Побелели губы. Покраснело пятнами лицо.
«Ну, что ж. Не верит… Думает, играю. Посмотрим».
Провела рукой по лицу. Легла новая морщинка между бровей. Так и осталась. Врезалась.
IV
У жизни нет пощады мечтам. Но справедлива жестокость ее. Если здорова душа – привыкнешь крепко на земле стоять. В тридцать лет поняла это Анна. Уж не кричала и плакала редко. Поэтому спокойны черные глаза. Бледность лица и морщинки говорят только о прожитом. А то, что сейчас, – не пугает. И жалко ей молоденькую спутницу. Сидит рядом с ней и меняется в лице. Когда закутывала ребенка, пальцы дрожали.
– Татьяна, возьми себя в руки. Не волнуйся.
– Я не боюсь… Я так.
– Можно и бояться. Живой человек. Только не показывай.
Сидят обе на узлах у дамской уборной. Вокзал живет обычной суетой, бестолковым метаньем людей и окриками начальства. У входа серый человек с винтовкой томится ожиданием смены. Нарочно сели поближе к нему. Бояться нечего. Узнать Анну некому. В этом городе в те дни не бывала.
Усмехнулась мысли:
«А портретов моих еще не продавали».
Но устало тело. Наскучило мельканье людей и густой храп сидящих рядом. С утра на станции. А поезд запоздал. Вьюга рвется в окна. Как-то им?.. Тем, что затаились в тайге. Невольным движением чуть было не пощупала меховую шапку на голове. Но вовремя задержала руку. Привыкла к осторожности.
– Соня, возьми ребенка.
Протягивает живой сверток Анне, а сама озирается.
– Ты встань, Татьяна, походи. Разомнись.
Татьяна встала, но заплакал ребенок у Анны на руках. Живо метнулась обратно. Анна только взглянула. Поняла и поспешно пошла к двери. Тоненькая, горбится на ходу Пичужка… Жалко ее. Жена партизана. Должна уехать с Анной в Иркутск. Там ждут.
– Ничего… Выдержит. Робеет, краснеет сейчас. А в настоящей опасности кремень баба. Хоть и молода. Испытали.
Ребенок снова затянул громкую жалобу.
Прижала его к себе, стала покачиваться, похлопывая сверток рукой. Годовалый человечек. Беспомощный и требовательный. Крохотная искорка жизни. Не задуют тебя? Затих. Хотел еще заплакать. Дернул губами, сморщил нос, но раздумал, заснул. Волной прилила нежность. Прижала к себе и все забыла в тихой ласке прикосновения теплого свертка…
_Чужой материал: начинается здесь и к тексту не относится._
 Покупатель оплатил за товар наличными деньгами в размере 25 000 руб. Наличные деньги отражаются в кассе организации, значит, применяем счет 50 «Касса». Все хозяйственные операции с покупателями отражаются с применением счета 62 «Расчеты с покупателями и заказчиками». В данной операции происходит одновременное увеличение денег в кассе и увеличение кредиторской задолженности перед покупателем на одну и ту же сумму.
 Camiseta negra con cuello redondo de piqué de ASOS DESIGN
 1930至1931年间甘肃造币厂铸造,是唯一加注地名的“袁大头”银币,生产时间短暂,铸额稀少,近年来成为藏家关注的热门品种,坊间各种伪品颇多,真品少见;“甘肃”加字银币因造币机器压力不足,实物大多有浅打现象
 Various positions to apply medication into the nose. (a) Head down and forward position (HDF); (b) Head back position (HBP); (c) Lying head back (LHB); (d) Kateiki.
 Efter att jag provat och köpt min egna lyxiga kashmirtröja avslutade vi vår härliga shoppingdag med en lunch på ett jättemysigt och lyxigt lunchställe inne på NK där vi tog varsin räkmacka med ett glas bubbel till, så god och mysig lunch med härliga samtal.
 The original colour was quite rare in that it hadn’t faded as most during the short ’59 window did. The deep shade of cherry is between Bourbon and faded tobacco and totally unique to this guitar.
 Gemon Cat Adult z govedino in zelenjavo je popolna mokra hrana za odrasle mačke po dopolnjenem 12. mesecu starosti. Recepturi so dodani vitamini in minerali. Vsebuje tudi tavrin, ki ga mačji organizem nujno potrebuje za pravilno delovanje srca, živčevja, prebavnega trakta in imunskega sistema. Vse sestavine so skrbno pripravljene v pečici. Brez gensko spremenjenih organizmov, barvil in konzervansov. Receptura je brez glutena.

«Чужой. Своего не дождусь. Но сегодня мой, хоть и родная мать рядом».
Татьяна вернулась. Осветила полудетское личико улыбка.
– Спит?
– Да. Не слышно поезда?
– Нет еще. А ты прекрасная мать, Соня. У тебя лицо, как у кормящей мадонны.
Скрыла смущение улыбкой и вдруг насторожилась. Что так пристально смотрит этот офицер? Постоял, прошел и дальше. Вернулся. Опять прошел близко около женщин. И смотрит в упор.
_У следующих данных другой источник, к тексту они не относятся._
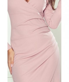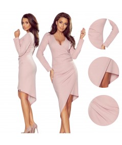 Asymetryczna sukienka w kolorze rózowym, z eleganckim dekoltem i drapowaniem, wykonana z matowego, lekko elastycznego materiału (95%...
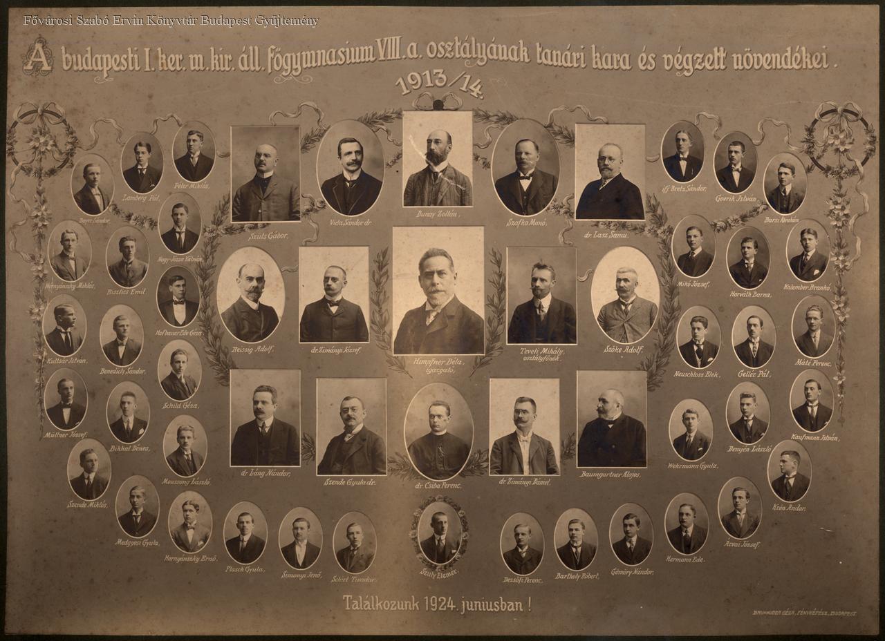 A budapesti I. ker. m. kir. áll. főgymnasium VIII. a. osztályának tanári kara és végzett növendékei.1913/14.
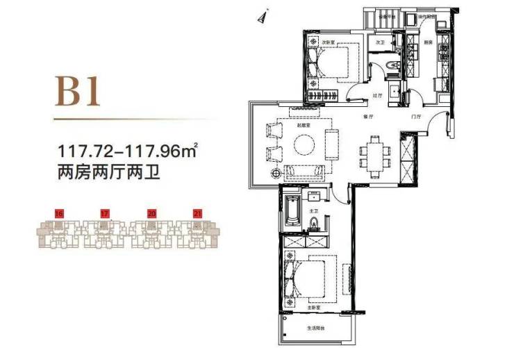 117m²双套房设计,每位家庭成员都有私享空间;
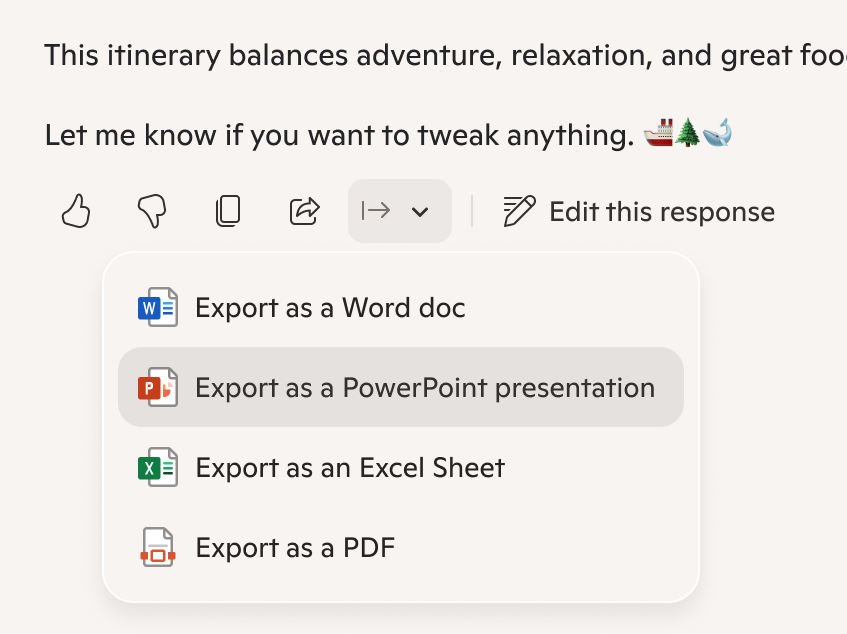 第二項新增功能是新建立和匯出文件、試算表、PDF或PowerPoint簡報檔。用戶可以自然語言下達提示讓Copilot執行任務,例如「將這段文字以Word文件匯出」或是「將這個表格轉成Excel檔」,Copilot會生成可編輯且可分享的文件。而且,回應若超過600字元,Copilot會生成預設的匯出鍵,讓用戶可直接將文字送到Word、PowerPoint、Excel或PDF應用程式。
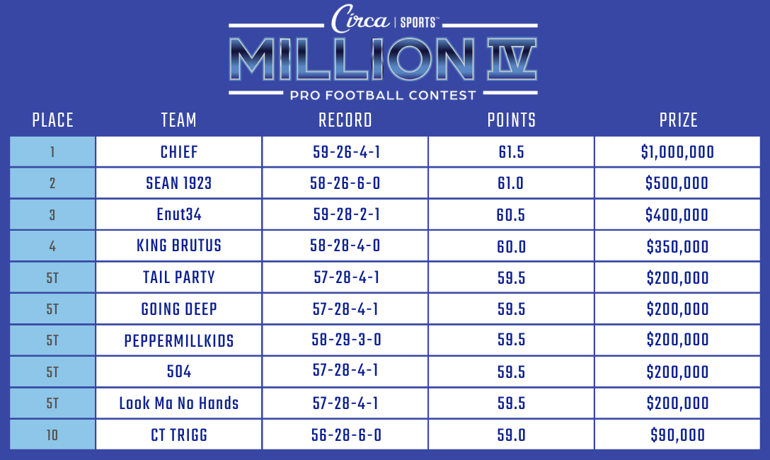 With 4,691 participants, the competition was thick and the prize pool was high. Every week of the contest, each team had the opportunity to pick 5 NFL sides against the spread. After 18 weeks of the NFL regular season, team CHIEF, a group of four friends, took home the $1 million grand prize after 90 picks and a record of 59-26-5. Second place went to SEAN 1923 for $500,000. Additionally the booby prize of $100,000 went to Big Booty Juedys, and four second-place booby prizes went to pisces1326, STONEY, Sunday Best, and Super Frog for $12,500 each. See below for Circa Sports Million IV Full Season winners and their performance:

Ответила ему открытым, удивленным взглядом. Лица не помнит. Может, пройдет. Может, не то. Просто легкой победы ищет. Нет, не похоже. Да и она в широкой шубе, тяжелая, с ребенком на руках, усталая, не могла прельстить кажется. А на Татьяну не смотрит? Уф, ушел. Взглянула на Татьяну. У той взгляд сразу твердым стал.
Чуть шевеля губами, Анна сказала:
– Шапками надо поменяться.
– Да. А ребенка бери с собой. Не пропадет. Лучше будет…
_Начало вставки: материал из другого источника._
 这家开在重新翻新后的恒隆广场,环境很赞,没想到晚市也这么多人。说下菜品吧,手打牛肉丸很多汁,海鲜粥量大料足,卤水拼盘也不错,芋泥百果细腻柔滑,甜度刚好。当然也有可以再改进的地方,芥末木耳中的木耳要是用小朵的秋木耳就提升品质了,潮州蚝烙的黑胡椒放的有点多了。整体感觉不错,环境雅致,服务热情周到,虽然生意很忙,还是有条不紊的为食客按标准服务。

Хотела спросить – хватит ли мужества… Подошел милиционер. Нехотя, угловато пробрался через спящих прямо к ней.
– Ваш документ покажите, гражданка.
Анна удивленно протянула:
– Это зачем же? Ни у кого не проверяют, мой на что?
– Предъявите документ.
– Скажите, почему у других не требуете? Только у меня. Что это такое, батюшки? Нигде покою нет! Только ребенок уснул… Документ!
– Приказано. Не скандальте, предъявите документ.
– Кто приказал? Где приказ? Сколько людей сидит. Привязался ко мне. Приведите, кто приказал.
Рядом завозились. С любопытством прислушивались к громкому разговору.
– Я от документу не отказываюсь, покажу. Только у всех смотрите. Приведите, который приказал.
Тараторила бойко и громко. Ребенок заплакал. Милиционер смутился. Оглянулся назад на кого-то и нерешительно отошел.
– Даже жарко стало… Ну-ну, сыночек, не плачь. Таня, подержи-ка платок и шапку. Надо документ достать. Ну-ну, сыночек, полежи.
Деловито расстегнула шубу, сняла платок и шапку. Положила около ребенка. Достала из внутреннего кармана паспортную книжку и стала возиться с ребенком. На Татьяну только глянула. Та поняла.
– Надо пеленку замыть. Дай-ка.
Вместе с пеленкой захватила Аннину шапку с ушами, такую же, как у нее, и скрылась в дамской уборной. Анна не торопясь застегивала шубу. Быстро вернулась Татьяна. Бросила на узлы пеленку и шапку свою. Аннина была на голове. А милиционер уже подходил с офицером.
– Пожалуйте к коменданту.
– Что это… Господи-батюшка! Да вот вам паспорт, подавитесь!
– Ну, не разговаривать!
Жалит глазами офицер. Знает ее или нет?
– Ну и пойдем. Ишь запугали. Покарауль мой узелок-то, Татьяна. Или лучше с собой возьму, не знай, куда поведут.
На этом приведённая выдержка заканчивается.